A Note to Potential DEI clients

A Note to Potential DEI clients

Dear Potential DEI client,

Thanks for reaching out. I am usually much more prompt in my reply – this week has really thrown me for a tizzy.  Well, let me be honest — I don’t feel any worse than I felt when I found out the police officer/killer of Michael Brown was not going to be charged and prosecuted, or Tamir Rice was shot, or when I found out Sandra Bland was dead in her cell. I do, however, feel like I can mourn the deaths of Ahmaud Arbery, Breonna Taylor (who would have been 27 today), and George Floyd more publicly this week.

I apologize for not responding to your email, but I have spent the week walking for miles,  sleeping late and taking a lot of naps, watching the memorial service, and vacillating between being very sad and very angry.

It’s an interesting conundrum I find myself in – I have marketed myself as a “DEI consultant, with a particular focus on racial equity”, but just at the time I am most in demand, with people and organizations like yours reaching out this week to inquire about my services, I feel the most unable to be productive, or to want to discuss these topics outside of my close friends and family.
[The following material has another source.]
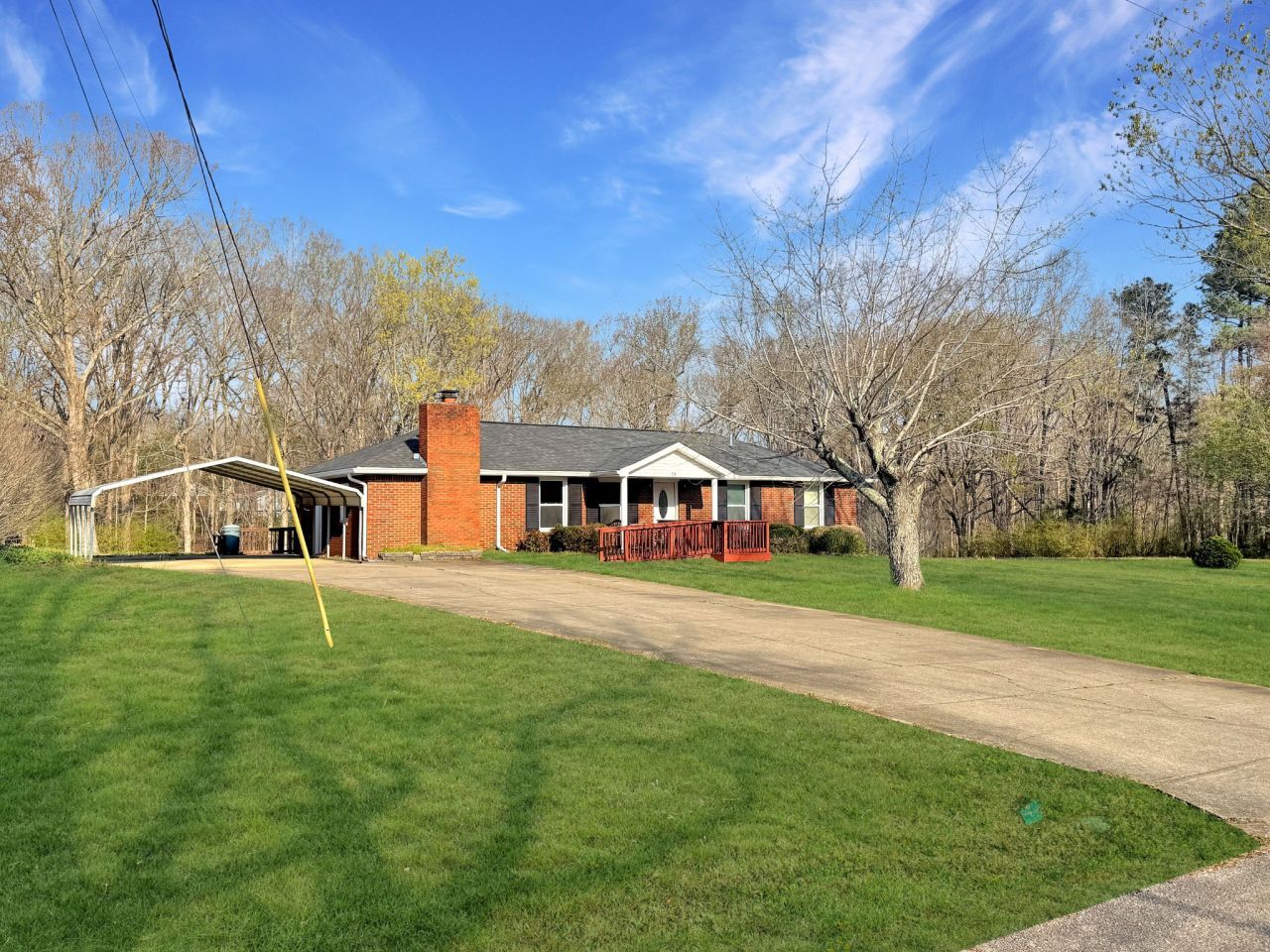 Welcome to this charming all-brick, one-level home nestled on a spacious 1+/- acre lot in the established Towering Oaks community! Offering approximately 1,500 sq ft of living space, this well-maintained home combines classic character with thoughtful updates throughout. Step inside to find fresh flooring and updated paint that create a bright, inviting feel. The cozy living room features a beautiful brick fireplace. The kitchen offers ample cabinet space, updated appliances, and a functional layout with easy access to the dining area. The home includes 3 bedrooms and 1.5 bathrooms, beautifully updated walk-in tile shower in the primary bath. A convenient laundry room adds to the home's practicality. Outside, you'll love the large, level yard. Ideal for outdoor activities, gardening, or simply enjoying the peaceful surroundings. The property also features a detached carport, storage building, and plenty of space for additional parking or equipment. Located in a quiet setting with a paved driveway and rolling landscape, this property offers the perfect balance of privacy and convenience. Don't miss your opportunity to own this move-in-ready home with space, charm, and updates already in place!

I am doing a lot of soul searching, meaning-making, and feeling – as I know you are. And I realize I have to take care of myself personally, before I can even think about what this may mean for my racial equity work, and my firm. I know that I will have to really review and revamp my offerings – and think about what REALLY makes change inside social good organizations. But, first, I have to be still.

While I think and plan, I am in the midst of formulating some new questions and principles to share with any new DEI client, and wanted to test them with you:

Questions:

  1. I have read a number of organizational statements, and been mostly unimpressed and unmoved. Ben and Jerry’s is now my new standard for statements to address the current climate.  Can I see yours? What actions are you taking to support racial equity? What does your leadership team and Board of Directors look like? How do you operationalize racial equity in your policies and programs?  What donations are you making to organizations making a difference? How are you supporting communities you serve?
  2. What did you do, specifically, to support your black staff members this week, and what will you continue to do moving forward? Every single one of them is struggling, even if you don’t see it.
  3. If your leadership team leaves something to be desired in terms of the promotion and retention of black people (as many of your organizations do) – what’s your commitment in the next 6 months to a year to improve representation?
  4. What is your PERSONAL commitment to racial equity? And I don’t mean attending every protest and rally, posting a black square on your Facebook page, and sending a text to your black friend to ask how they are doing.   Who are your friends? Your health care providers? What organizations do you support? Do you subscribe to the “all lives matter” rhetoric?

Principles:

  1. I will no longer take on projects that only involve racial equity/DEI training of Board or staff. It feels like I am being part of the problem then – I am making people feel that they are moving work forward, when in reality they are only setting one part of the foundation in which real work can occur. I will, of course, do trainings within a larger scope of work – and I fully plan to use terms like “white dominant culture” and “white supremacy” in my sessions.
  2. If I think you are not fully committed to increasing the representation of black people in your leadership teams – and to think long and hard and implement policies to improve recruitment and retention of the same – then I respectfully decline to work with your organization.
  3. I need to get to know you as a person, and to understand your lived experiences, intent and desired impact – this work requires so much emotional labor from me, and I need to understand where you are coming from, as colleagues and as humans.

I understand these questions and principles may turn some of you off, and I think you should know where I stand before you hire me. I want you to understand that I am vetting you, as well.